The ‘Introduce Race’ initiative: Fostering multiracial understanding

During snacks in a frosh-quad entry, a discussion grows ugly between entrymates when some people accuse others of not participating enough in entry activities, while the accused respond by arguing that the entry excludes them from decisions concerning the activities and therefore they are usually less interested. The majority of the entry is white, and the students in question are minorities.

In a social science course, a professor asks his class a question concerning the condition of a particular ethnic group, let’s say…African-Americans. There is one African-American in the class, and it is obvious that she does not wish to respond to the question. The professor, noticing her silence and disposition, addresses her and solicits her opinion. The professor, too, is African-American.

College Council approves a budget plan. A social group composed mostly of whites requests upwards of $1,000 for its semester-long activities, as does a dance group composed mostly of racial minorities. The first group receives their request in full, while the second group receives a small fraction of their request. Some members of minority communities see this as discriminatory or preferential treatment, while officers of the council claim the decisions were made in a completely fair manner.

These situations, although hypothetical, are not at all unfounded or hallucinatory. They represent the genuine experiences of many students on this campus, be they white, black, red, yellow or all the colors and mixes in between.

These are common situations made uncommon, ordinary events that become uniquely distinguished by the introduction of race. The issues and controversies of all these situations become exponentially more tense and complex by the very presence of race and acknowledgement of racial identity.

After all, these anecdotes could really be about a shy kid at a lunch table, a regular entry with regular problems, a student who does not want to participate because she didn’t read for class and one in a hundred budgetary decisions for College Council.

But that is not what we have; those racially indifferent characterizations above are not adequate descriptions of what goes on every day and every year at Williams. Given, then, that we all might potentially experience race when it is not particularly invited or expected, how can we change our own misconceptions about our identity and the identity of others?

How would these situations change if these individuals knew beforehand that…

The rationale behind the spending differential between various organizations is that this dance group has a history of acquiring additional resources from various sources, giving priority to those organizations that have more difficulty raising money…Suspicion is still present amongst some that argue that there is a pattern of prioritizing organizations – majority over minority, whites over black…In fact the additional support that the dance group receives comes from minority student organizations, which would not be so critically necessary if similar groups were fully respected in CC…Shifting financial responsibility to minority organizations imposes an undue burden to support groups within budgets that have never been designed to meet their needs…

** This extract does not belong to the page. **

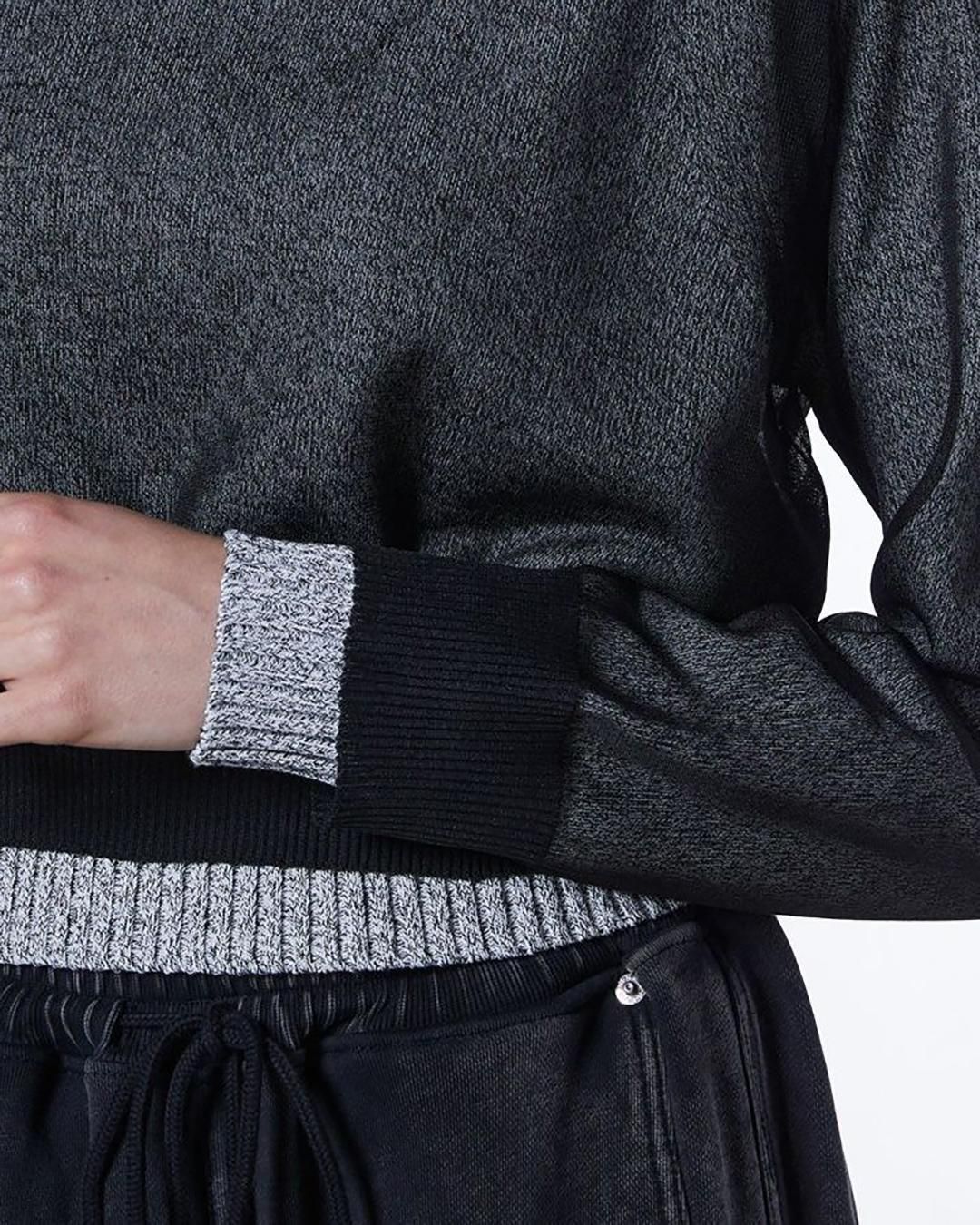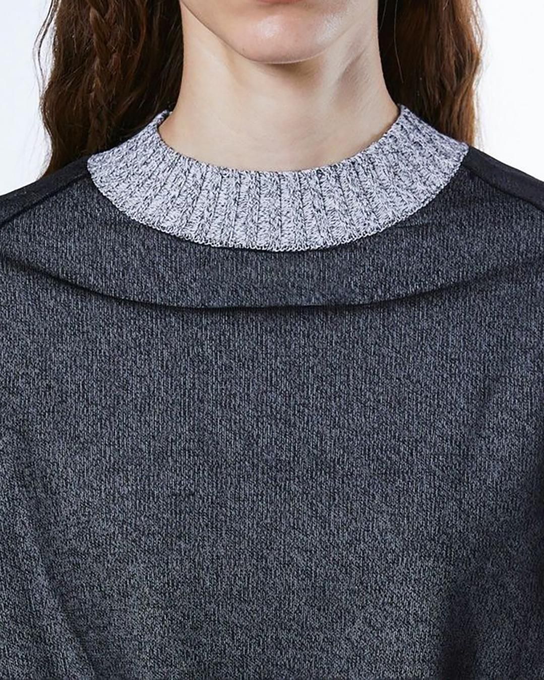 程よい透け感のチュールを重ねることで、シンプルながらスタイリッシュな表情を引き出したトップス。上品な光沢となめらかな肌ざわりが魅力のフィラメント天竺を使用し、着心地の良さも兼ね備えています。背面の首元にあしらったレザーのアクセントが、さりげなくモードな印象をプラス。デイリーにも特別なシーンにも活躍する、デザイン性と実用性を兼ね備えた一枚です。
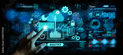 Wall mural hand touching business data analytics process management with kpi financial charts and graph and aut - Wall murals Wall mural hand touching business data analytics process management with kpi financial charts and graph and aut - Wall murals

The African-American professor is merely looking for insight into this student’s experiences so that other students might learn something from an additional source…The student has been asked or pressured to “represent” her race in so many conversations that she is no longer inclined to speak on the issue…She is also insecure about her experiences and whether they might speak as an accurate or profound contribution given her own lack of interaction within her own race…

Some students in the entry had little previous experience with people of different racial backgrounds, and not knowing what to expect in new situations, gravitate towards familiar ground…Many racial minorities, while holding no malice against the majority, find extra comfort in strong minority communities, sharing common experiences, and finding support advice in situations where entry mates might not be able to understand…Many majority students honestly want to forge new friendships and take advantage of the diversity that exists at the school, only to find obstacles like misconceptions and unfamiliarity standing in the way…

Patterns of racial and ethnic separation are so common that sometimes one group of students assumes that others only associate within their group…These pr 9u08nt some people from bothering to ask if an onlooker is interested (he’s not interested because he isn’t one of us), and prevent others from expressing their interest, (I’m not welcome because the event is just for them)…

What if these white students were white-Cubans and white-Puerto Ricans who are constantly dealing with issues of identity and membership, just like this Latino…What if they never noticed he was Latino…

The concept of race is different for every human being, because each of us has different social influences and personal experiences dealing or not dealing with race. Our perceptions, prejudices, emotions, sense of membership and self-identity are heavily influenced by key life experiences and learned behavior – they provide the lens through which we see, evaluate, and judge situations concerning race.

Introduce Race asks you to examine your lens, reflect upon the experiences in your life that have molded your vision and understanding of racial identity, and contribute to the community’s anthology by sending it to introducerace@hotmail.com.

Your stories and your reflections of your own self-identity will provide a wealth of answers as to how race is introduced into our lives. At the same time, they will raise a multitude of questions as to how we as a community should consider, characterize and respond to diverse and enlightening experiences with race.